The Kinsey data is nonrepresentative and nonrandom. We have comparative sizes for certain ethnies, and the only statistical difference is between Nigerians and Koreans and Czechs. Rushton and Boegart didn’t mention that blacks danced less than white college students, blacks are more prudish regarding nudity, more likely to have a prostitute as a sexual partner and less likely to want large families (Weizmann et al, 1990). A study on certain CAG repeats shows that Africans cluster with East Asians on two measures, contradicting Lynn’s hypothesis. French Army Surgeon, lol (see Weizman et al 1990 from above):
This work is filled with internal contradictions. For example, an average African Negro penis is said to be 7 3/4 to 8 inches long on p. 56, while on p. 242 it is stated that it “generally exceeds” 9 inches. Similarly, while the French Army surgeon announces on p. 56 that he once discovered a 12-inch penis, an organ of that size becomes “far from rare” on p. 243. As one might presume from such a work, there is no indication of the statistical procedures used to compute averages, what terms such as “often” mean, how subjects were selected, how measurements were made, what the sample sizes were, etc.
I think I’ve shown that there are no “””racial””” differences in size with the Veale et al 2014 study and the Orakwe and Ebuh (2007) study.
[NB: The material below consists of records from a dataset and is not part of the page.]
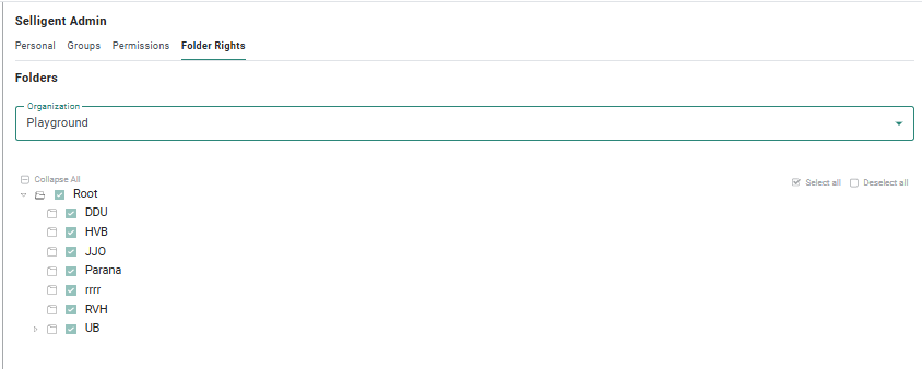 Expand the Root folder to visualize all folders and subfolders this user has access to. No changes can be made here.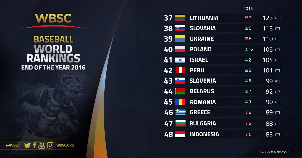 El crecimiento reciente del béisbol a nivel mundial y el aumento de la popularidad de las competencias de selecciones nacionales, crearon un movimiento récord en 2016; haciendo que 60 de los 70 países del ranking subieran o bajaran en la clasificación.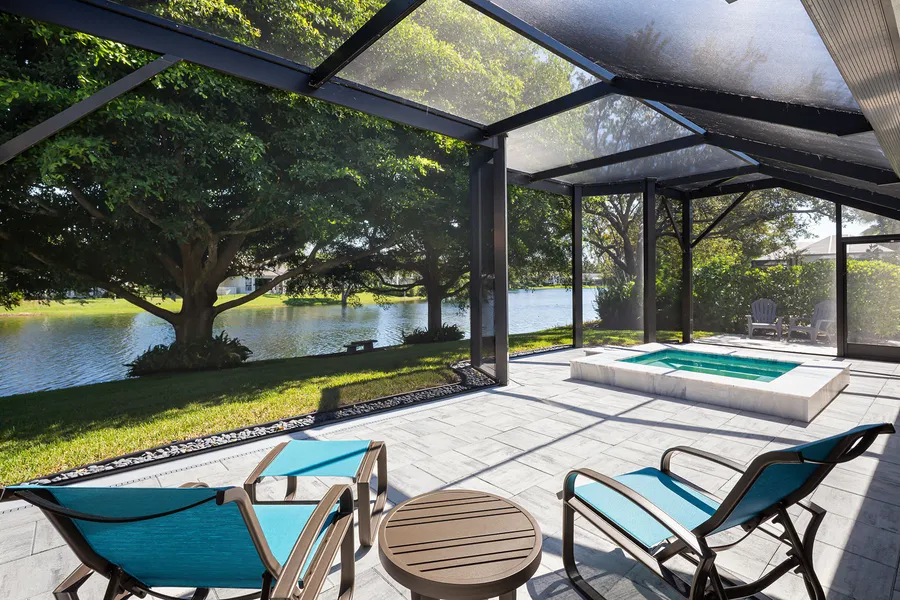 A serene lakefront setting is the backdrop to this timelessly charming home in Monterey, with a fabulous design package by award-winning Sand Dollar recipient Jinx McDonald. Southeastern sparkling lake views with gorgeous landscaping provide you with your private oasis. Offering a newer (2022) marble spa, picture frame screen and beautiful pavers, the outdoor space is done to perfection. The home sits on a quiet lot and boasts an open great room floor plan, 12-foot ceilings, custom woodwork details on the ceiling in the breakfast nook and beautiful wood floors throughout the living area. Other improvements include a paver driveway, new roof in 2018, new HVAC in 2021 and new water heater in 2023, plantation shutters, crown molding and meticulous condition. Excellent layout with a lovely white kitchen with loads of bells and whistles, spacious breakfast room with fabulous custom dining table and built-in bench, and large covered area on lanai. Oversized study could easily be converted to a third bedroom. Monterey is an active, sought-after community less than three miles to the beach, Mercato and Waterside. Amenities include a 24-hour guarded gatehouse, renovated clubhouse, newer fitness center, billiards, heated lap pool, basketball and pickleball court, new play area, active tennis with a pro and three lighted Har-Tru tennis courts. A-rated public schools and three excellent private schools within three miles.
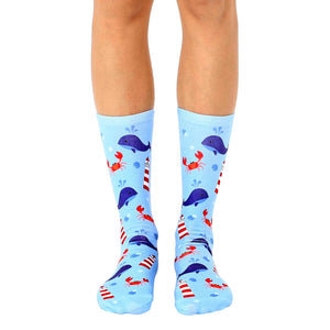 Set sail for adventure with our Lighthouse Whale Crew Socks! Dive into a vibrant blue sea of lighthouses, whales, and crabs, sure to brighten up any dull day. Whether you're a beach bum, ocean lover, or just want to add a touch of nautical charm to your wardrobe, these socks will have you riding the waves of style. Show off your love for the sea and make a splash wherever you go.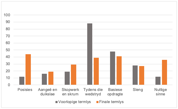 Hierdie veranderinge word uitgelig aan die hand van die getal terme wat deel was van die voorlopige lys, teenoor dié van die finale termlys. In Figuur 2 word ’n vergelyking gemaak tussen die getal terme in die voorlopige en die finale weergawe. Daar was ’n toename van terme in vyf van die sewe kategorieë. Die kategorieë “Tydens die wedstryd” en “Basiese opdragte” het wel ’n afname getoon. Dit is te wyte daaraan dat die inskrywings in hierdie kategorieë óf herrangskik is (dit wil sê oorgeplaas is na ander kategorieë, om die groepering meer sinvol te maak en in ’n meer logiese formaat vir die teikengroep aan te bied) óf dat daar dubbele inskrywings in hierdie kategorie opgemerk is.

As far as I see, two statistical differences exist between Nigerians and Koreans and Czechs. But there’s not enough “””quality data””” to say “this race bigger than that race”. To believe there are racial differences in penis size or that there is even an inverse relationship between penis size and brain size takes a huge leap of faith to believe.
There are, without a doubt, average differences in a lot of things between races; hormones being one of them. Any differences between races in IGF-1 have no effect on penis size (IGF-1 is, however, one reason why black girls reach menarche at a younger age than white girls. Will write more on that in the future.). Africans were more similar to Asians that Caucasians on two of the five androgen indicators that Dutton (2015) tested. The Kinsey data is nonrepresentative and nonrandom and that is what PP continuously references. I’m highly skeptical leading towards no based on my knowledge of hormones and how they work in the human body. Testosterone does not explain any racial differences in penis size, and does not explain any differences in prostate cancer acquisition (though, other hormones do).